### Activity
Among the entries below, the lines from the one with "寧棲政字〔2025〕87號(hào) 南" up to and including the one with "La blusa Copenhague" are to be restated exactly, without pictures.

### Records to use
____________
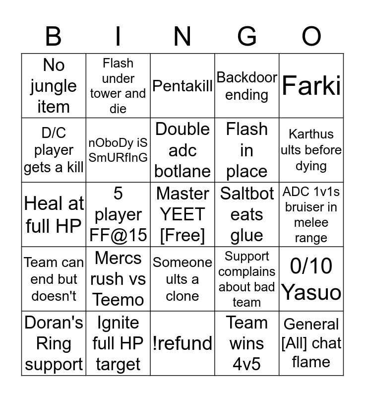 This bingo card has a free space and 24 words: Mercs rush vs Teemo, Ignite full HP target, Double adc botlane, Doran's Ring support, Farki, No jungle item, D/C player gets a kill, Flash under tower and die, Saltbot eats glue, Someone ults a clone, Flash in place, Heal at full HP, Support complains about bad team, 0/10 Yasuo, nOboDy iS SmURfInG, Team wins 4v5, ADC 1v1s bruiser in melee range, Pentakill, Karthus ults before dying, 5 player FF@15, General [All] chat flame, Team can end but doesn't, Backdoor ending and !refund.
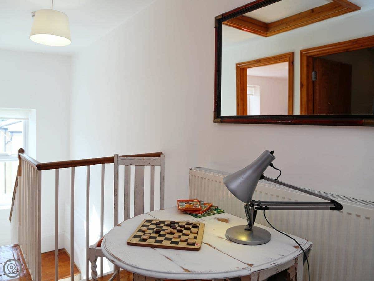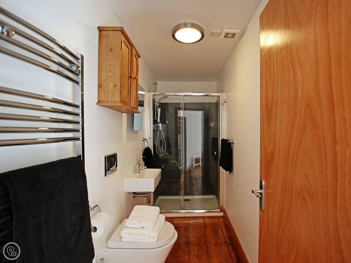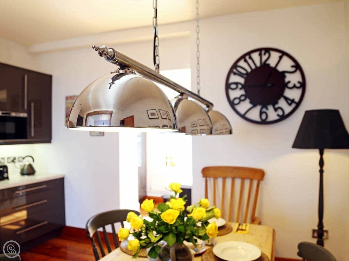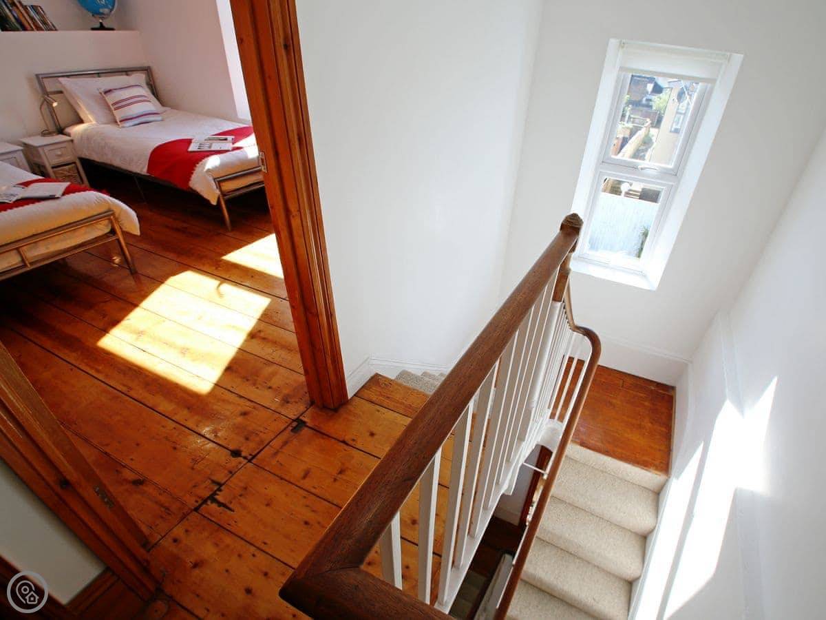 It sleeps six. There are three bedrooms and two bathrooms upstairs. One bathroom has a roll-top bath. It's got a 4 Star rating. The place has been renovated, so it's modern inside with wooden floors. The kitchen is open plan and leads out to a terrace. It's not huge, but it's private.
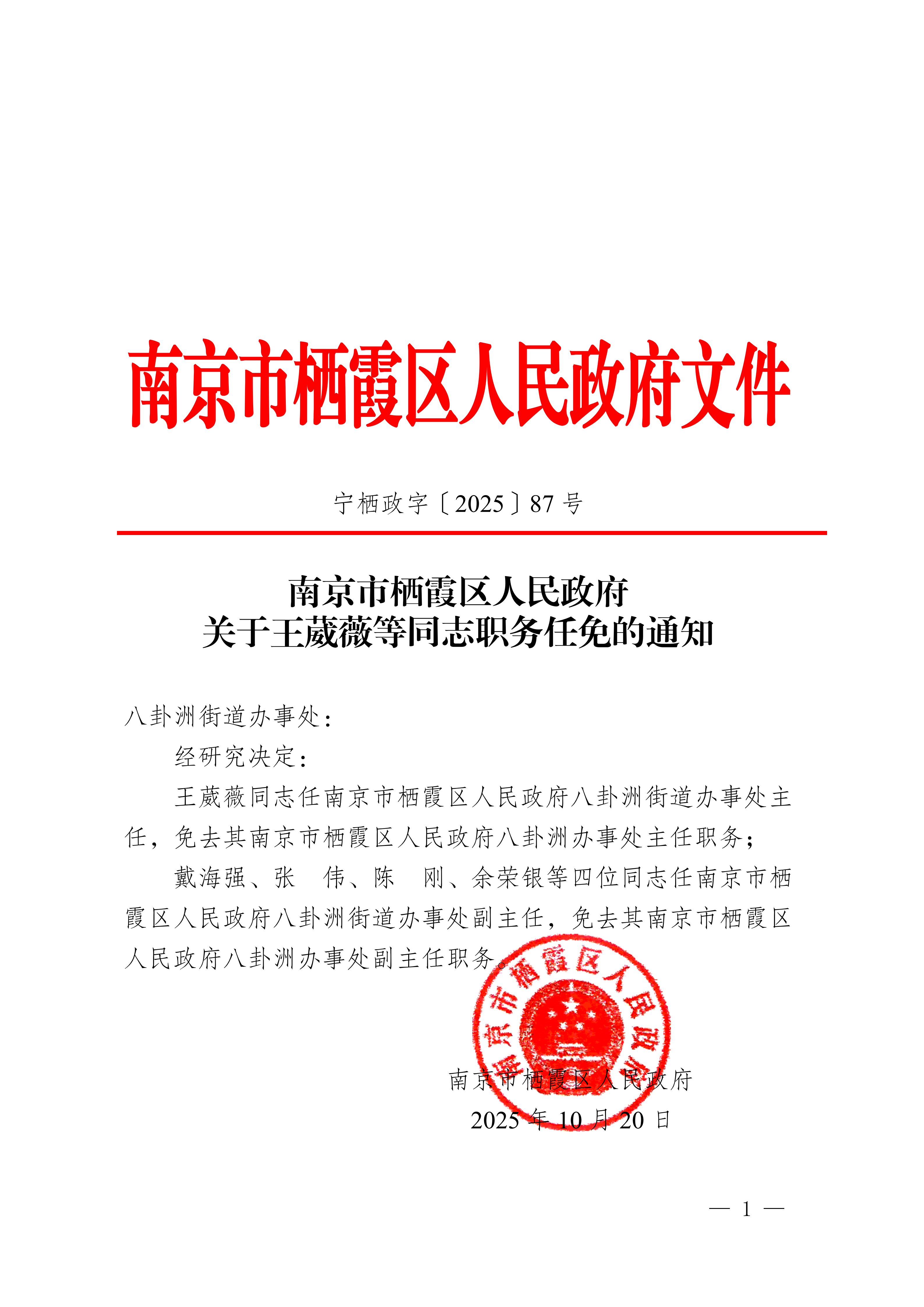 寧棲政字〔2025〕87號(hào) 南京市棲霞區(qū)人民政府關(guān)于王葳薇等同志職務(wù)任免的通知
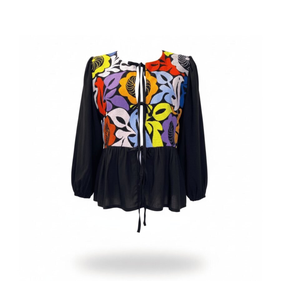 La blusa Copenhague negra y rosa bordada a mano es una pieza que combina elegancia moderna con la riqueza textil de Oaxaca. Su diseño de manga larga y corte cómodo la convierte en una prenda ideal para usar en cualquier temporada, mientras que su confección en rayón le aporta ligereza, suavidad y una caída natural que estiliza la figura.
____________
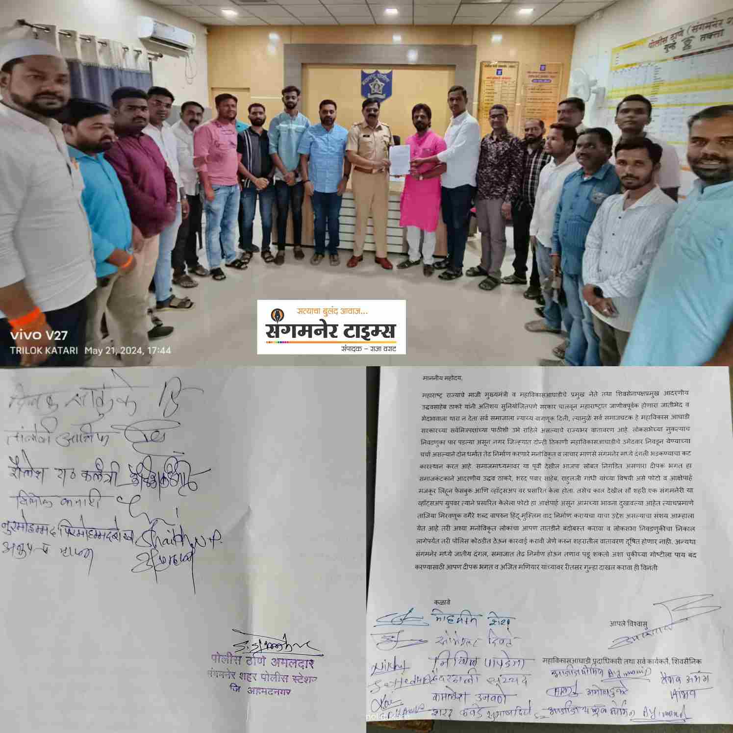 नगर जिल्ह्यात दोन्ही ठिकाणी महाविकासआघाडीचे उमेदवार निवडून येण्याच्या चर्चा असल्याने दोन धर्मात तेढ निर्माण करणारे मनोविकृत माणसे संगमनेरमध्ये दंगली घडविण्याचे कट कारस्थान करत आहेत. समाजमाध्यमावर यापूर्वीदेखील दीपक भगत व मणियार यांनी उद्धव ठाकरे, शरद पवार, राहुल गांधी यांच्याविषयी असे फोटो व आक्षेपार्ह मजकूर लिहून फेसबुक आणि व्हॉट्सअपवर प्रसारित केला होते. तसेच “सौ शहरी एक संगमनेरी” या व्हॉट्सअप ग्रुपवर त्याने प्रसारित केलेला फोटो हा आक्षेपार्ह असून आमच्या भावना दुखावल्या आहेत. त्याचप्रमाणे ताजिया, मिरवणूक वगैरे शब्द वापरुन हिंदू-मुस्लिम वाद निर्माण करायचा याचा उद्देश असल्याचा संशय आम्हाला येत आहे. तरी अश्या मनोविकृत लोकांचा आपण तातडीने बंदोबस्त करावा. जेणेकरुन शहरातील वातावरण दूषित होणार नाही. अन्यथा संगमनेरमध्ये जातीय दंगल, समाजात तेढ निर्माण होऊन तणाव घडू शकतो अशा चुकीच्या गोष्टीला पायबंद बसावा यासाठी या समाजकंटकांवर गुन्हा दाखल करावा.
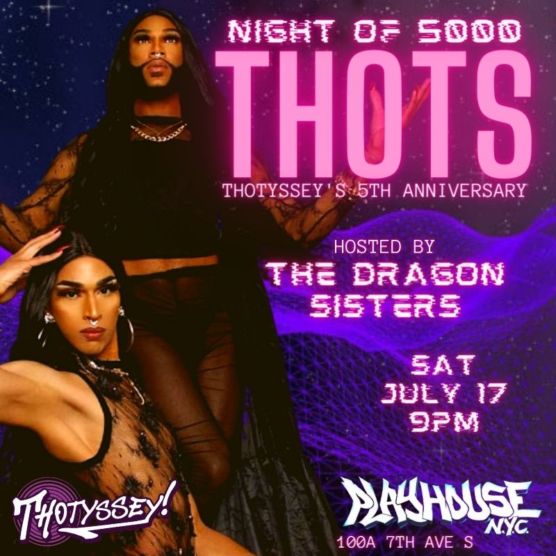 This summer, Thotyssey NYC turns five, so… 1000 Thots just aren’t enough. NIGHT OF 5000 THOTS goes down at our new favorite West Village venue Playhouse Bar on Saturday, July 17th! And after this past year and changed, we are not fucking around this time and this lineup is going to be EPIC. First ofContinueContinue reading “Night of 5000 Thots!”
____________
### Task answer
 寧棲政字〔2025〕87號(hào) 南京市棲霞區(qū)人民政府關(guān)于王葳薇等同志職務(wù)任免的通知
 La blusa Copenhague negra y rosa bordada a mano es una pieza que combina elegancia moderna con la riqueza textil de Oaxaca. Su diseño de manga larga y corte cómodo la convierte en una prenda ideal para usar en cualquier temporada, mientras que su confección en rayón le aporta ligereza, suavidad y una caída natural que estiliza la figura.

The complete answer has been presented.